Thank you for this, well said.
I love Scott Hahn’s book! Highly recommend it! Actually, I highly recommend all his books. ❤️ Thank you, Roseanna, and may you and your loved ones have a holy Triduum beautiful, blessed Easter!
These are such beautiful thoughts. It’s interesting because we have a new younger Pastor of our church who has been here for over a year. Our prior pastor had been here for 35 years and was much beloved. He sadly passed away this year.
Because we have an older church community, many of our parishioners, including myself, had a difficult time adjusting to his new ways of doing things. As time went on, I realized and made that same analogy that he was now leading us to the Promised Land. As a result, I know I became really open to our new Pastor because he has the same goal as our prior Pastor but is manifesting it in his ways and traditions and that should be our focus as a parish community. I even sent that analogy to him because I really wanted him to feel that he would be embraced by the parish community but it might take some time. Unfortunately, some people left our church because they focused on our beloved Pastor and not on our mission as Catholics. I really love our new Pastor because his traditions have increased my faith and spirituality because he is an excellent speaker and teaches us and leads us by his words and actions. I had been a Lector for 7 years and had to give it up because of work and travel commitments plus COVID changed things for a while. When we were able to return to physical attendance, I volunteered to be a Lector again because our new Pastor reminded me about what our faith should be all about.
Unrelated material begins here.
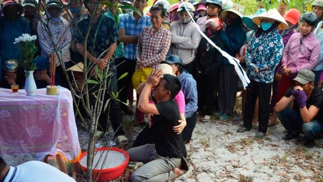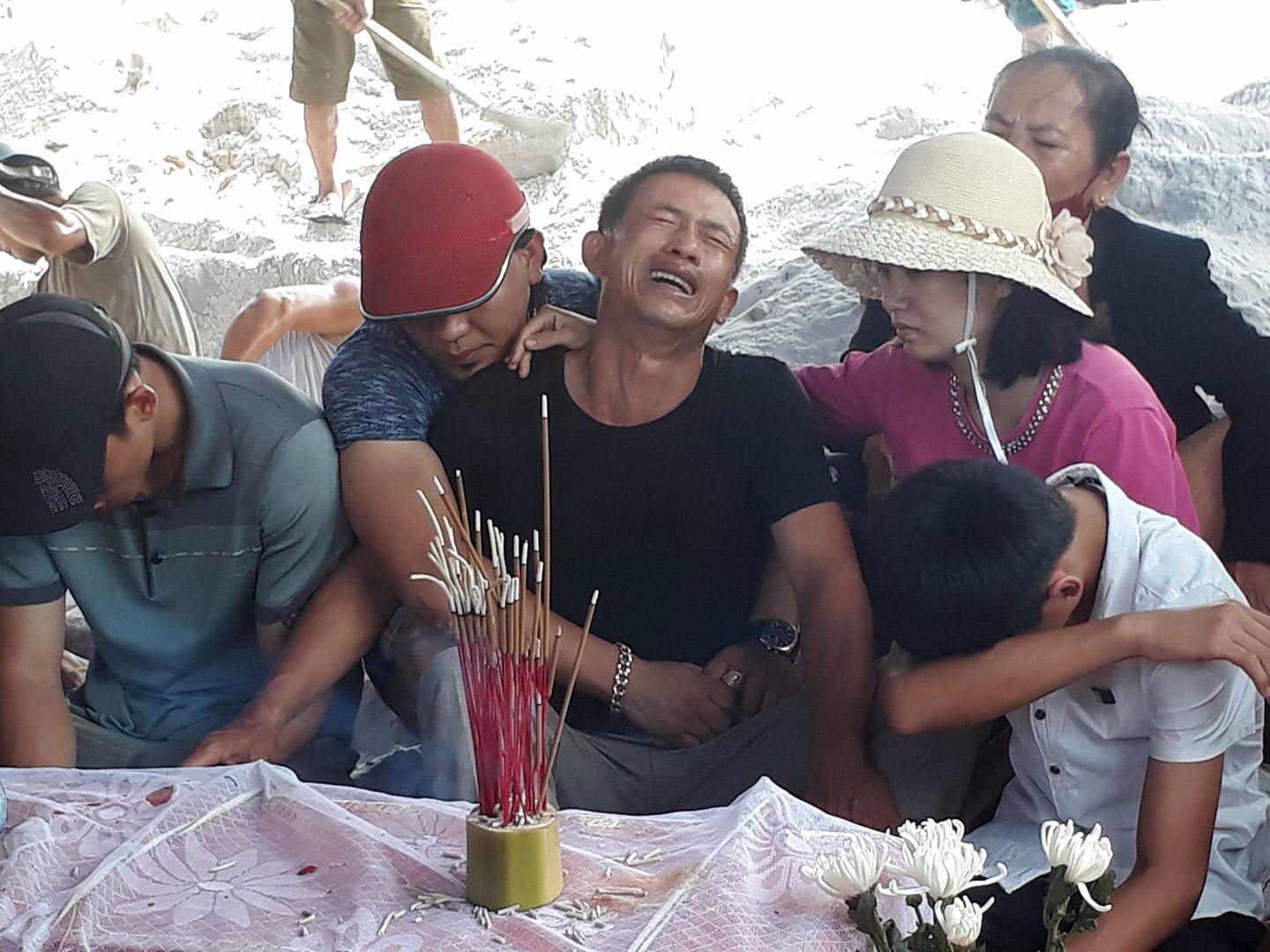 Giữa cồn cát mênh mông chỉ có những tiếng khóc xé lòng, trước quan tài con trai, anh Ất cứ quỳ lên lại ngã xuống rồi liên tục gọi tên con: “Sao lại khổ thế này con ơi, ba có làm gì nên tội với ai đâu mà giờ đầu bạc tiễn đầu xanh thế này. Con còn nhỏ quá, con có tội tình gì đâu…”.

I also participated in the Bible in a year study that was offered in the Halli application. I finally learned about what I was reading and what it meant. I try to pass the importance of the words in the Bible on to the parishioners when I say the Scriptural readings slowly and with emphasis when required. I can only hope that other people will eventually be enriched in their faith and focus not on comparisons between Pastors but on how he is leading us through words and actions. We are having our First Living Stations of the Cross tomorrow with some of the youth of the parish playing them out. I also excited to see how it goes. I talked to a couple of altar servers who will be participating and they are so excited to be doing this. They represent the future of our Church and faith. I apologize for this lengthy comment but I felt compelled to share especially during this Sacred Tridium. When attending Mass, I now feel that I have learned to participate in the Mass with my heart and soul and not just be a attendee who goes just to fulfill an obligation. May all of you have a Blessed Easter! Thanks, Roseanna, for your ministry and sharing it with us. We should continue to grow in our faith.